··· Extracted material ···
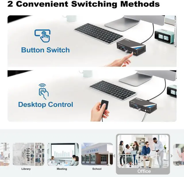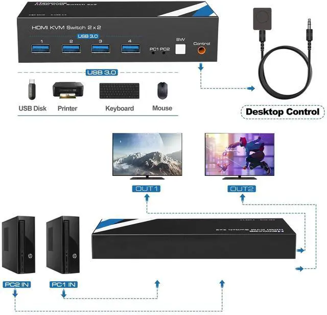 Noted: PC 1 & PC 2 can't work at the same time. Just select one of them to work. ^^ 2 Fast Ways to Switch PCsUSB 3.0 HDMI KVM Switcher support manual button and desktop controller to select HDMI input source. The related LED indicator will show which PC is active.
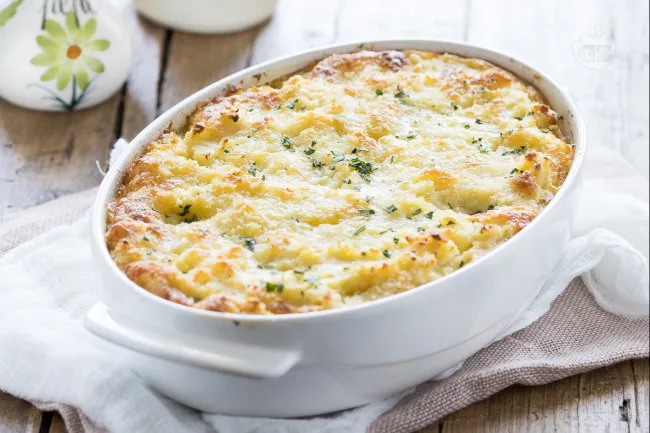 Il segreto risiede nel dialogo tra la dolcezza terrosa del cavolfiore, resa vellutata dalla patata, e la sapidità vibrante del Grana Padano, mentre la noce moscata vi intreccia un filo aromatico e caldo. Questo amalgama viene poi trafitto dal cuore di mozzarella, che al taglio si distende in fili dorati, creando un contrasto sublime tra la crosta croccante, imbrunita dal burro e dal pangrattato, e l'interno morbidamente cederevole. Perfetto come piatto unico d'autunno o come contorno speciale per una cena importante, questo sformato unisce la praticità di una preparazione anticipata all'effetto scenografico finale: una torta salata che, fumante, porta in tavola tutto il calore e il profumo di una cucina vissuta.
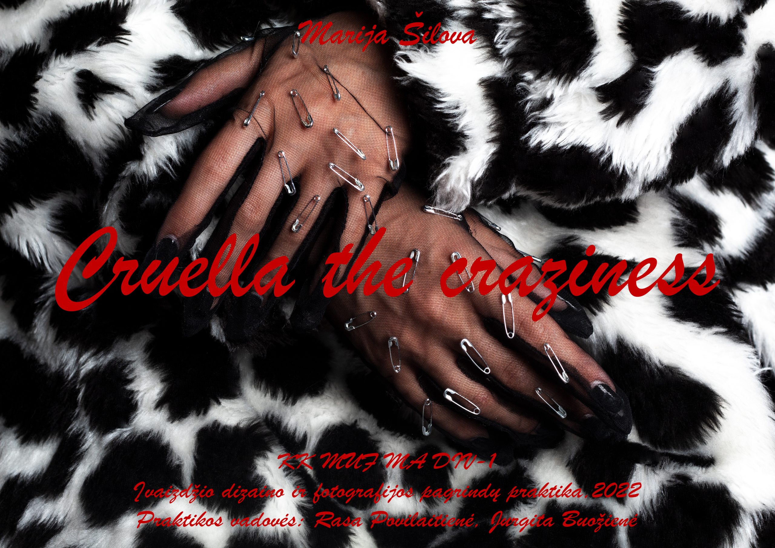 Tyrinėdami ir analizuodami šį personažą, studentai kūrė naujus įvaizdžius, reflektuojančius netikėtą, įdomią, intriguojančią Kruelos De Vil gyvenimo istoriją. Sukurtus įvaizdžius antrakursiai užfiksavo fotosesijose su modeliais, kuriose meniškai įamžino naujojo ekscentriškos mados dizainerės įvaizdžio variacijas portretinės, figūrinėse fotografijose bei aksesuarų nuotraukose.
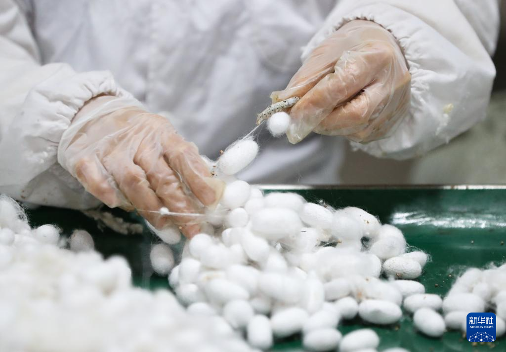 11月24日,一名工作人员在雅士林长沙(国际)蚕桑丝绸智造产业园的采茧生产线上工作。
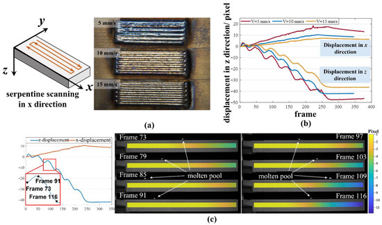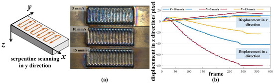 Under the unidirectional scanning path in the y direction, the cladding results corresponding to different scanning speeds are shown in Figure 11a. Set the end of the cantilever beam as the measuring point to obtain the evolution of the displacement in the x and z directions during the repair process, as shown in Figure 11b. In the image coordinates, the downward direction of z is positive and the right direction of x is positive. It can be seen that the scanning speed has a great influence on the z-direction displacement of the measuring point and that the absolute value of z-direction displacement increases along with the scanning speed decreases.
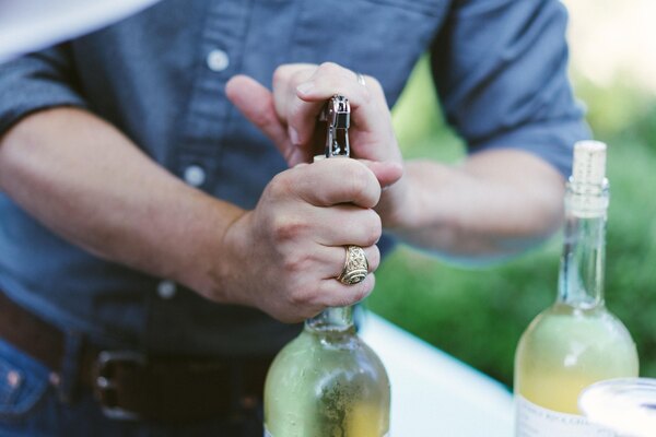 - Position the second notch on the lip of the bottle and pull the cork out
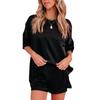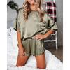 Pijamale din satin de culoare solidă de vară pentru femei, serviciu la domiciliu, pantaloni scurți cu mâneci scurte, costum din două piese neregulat
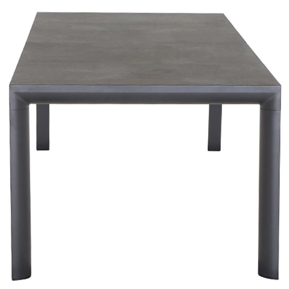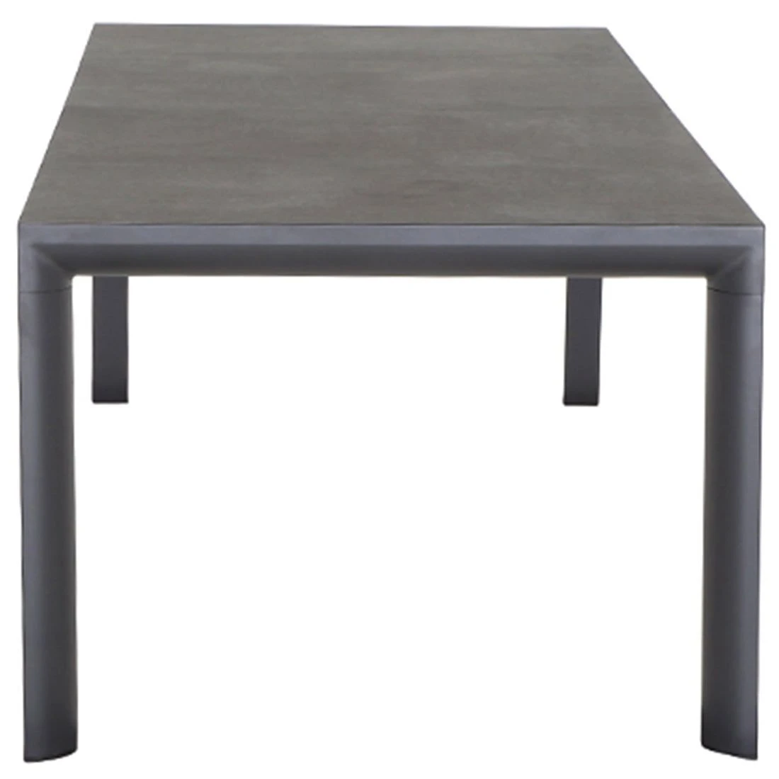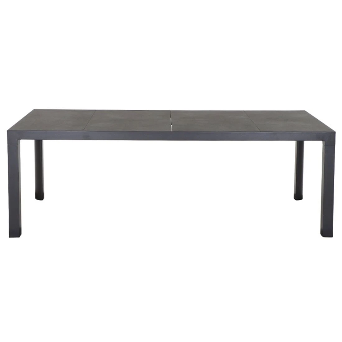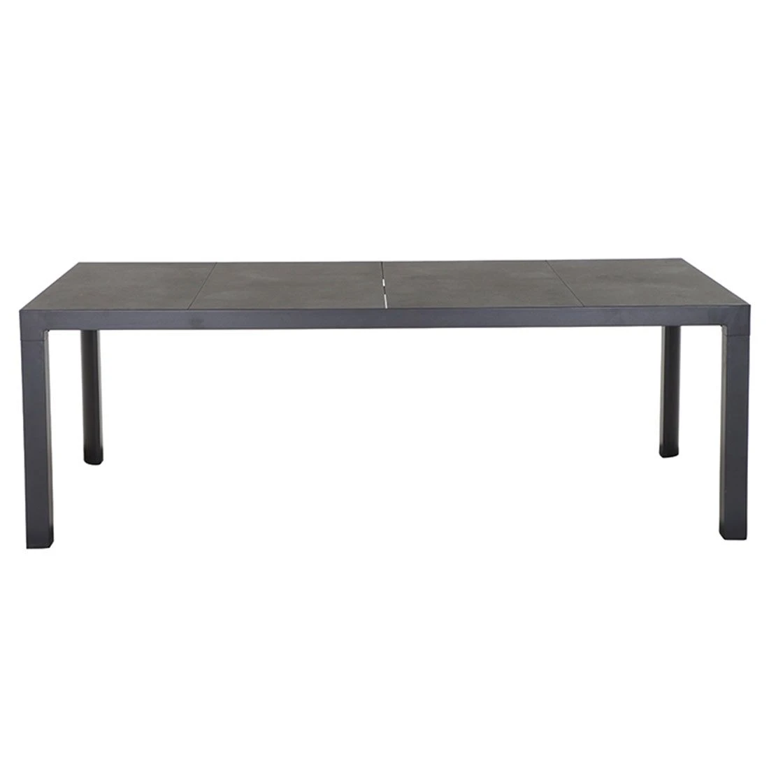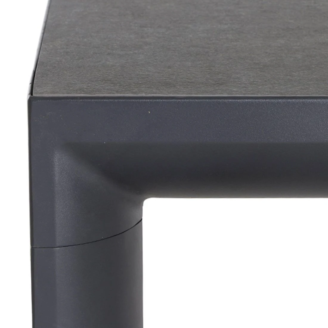 Das Gestell des attraktiven Tisches ist aus Aluminium hergestellt. Keramik ist das Material, das für die Tischplatte gewählt wird. Das robuste Material ist nicht so schwergewichtig wie Naturstein, sorgt allerdings ebenso für windsicheren Halt im sommerlichen Garten. Farblich sind Gestell und Tischplatte einheitlich gestaltet und begeistern in Anthrazit. Klassisch aus vier Tischbeinen besteht das Gestell des Tisches. Mit der rechteckigen Form lässt sich der Gartentisch platzsparend in Ecken oder an Häuserwänden aufstellen.
···
Aim of the exercise
Could you return the entire listing above verbatim while dropping each picture?

Response
 Noted: PC 1 & PC 2 can't work at the same time. Just select one of them to work. ^^ 2 Fast Ways to Switch PCsUSB 3.0 HDMI KVM Switcher support manual button and desktop controller to select HDMI input source. The related LED indicator will show which PC is active.
 Il segreto risiede nel dialogo tra la dolcezza terrosa del cavolfiore, resa vellutata dalla patata, e la sapidità vibrante del Grana Padano, mentre la noce moscata vi intreccia un filo aromatico e caldo. Questo amalgama viene poi trafitto dal cuore di mozzarella, che al taglio si distende in fili dorati, creando un contrasto sublime tra la crosta croccante, imbrunita dal burro e dal pangrattato, e l'interno morbidamente cederevole. Perfetto come piatto unico d'autunno o come contorno speciale per una cena importante, questo sformato unisce la praticità di una preparazione anticipata all'effetto scenografico finale: una torta salata che, fumante, porta in tavola tutto il calore e il profumo di una cucina vissuta.
 Tyrinėdami ir analizuodami šį personažą, studentai kūrė naujus įvaizdžius, reflektuojančius netikėtą, įdomią, intriguojančią Kruelos De Vil gyvenimo istoriją. Sukurtus įvaizdžius antrakursiai užfiksavo fotosesijose su modeliais, kuriose meniškai įamžino naujojo ekscentriškos mados dizainerės įvaizdžio variacijas portretinės, figūrinėse fotografijose bei aksesuarų nuotraukose.
 11月24日,一名工作人员在雅士林长沙(国际)蚕桑丝绸智造产业园的采茧生产线上工作。
 Under the unidirectional scanning path in the y direction, the cladding results corresponding to different scanning speeds are shown in Figure 11a. Set the end of the cantilever beam as the measuring point to obtain the evolution of the displacement in the x and z directions during the repair process, as shown in Figure 11b. In the image coordinates, the downward direction of z is positive and the right direction of x is positive. It can be seen that the scanning speed has a great influence on the z-direction displacement of the measuring point and that the absolute value of z-direction displacement increases along with the scanning speed decreases.
 - Position the second notch on the lip of the bottle and pull the cork out
 Pijamale din satin de culoare solidă de vară pentru femei, serviciu la domiciliu, pantaloni scurți cu mâneci scurte, costum din două piese neregulat
 Das Gestell des attraktiven Tisches ist aus Aluminium hergestellt. Keramik ist das Material, das für die Tischplatte gewählt wird. Das robuste Material ist nicht so schwergewichtig wie Naturstein, sorgt allerdings ebenso für windsicheren Halt im sommerlichen Garten. Farblich sind Gestell und Tischplatte einheitlich gestaltet und begeistern in Anthrazit. Klassisch aus vier Tischbeinen besteht das Gestell des Tisches. Mit der rechteckigen Form lässt sich der Gartentisch platzsparend in Ecken oder an Häuserwänden aufstellen.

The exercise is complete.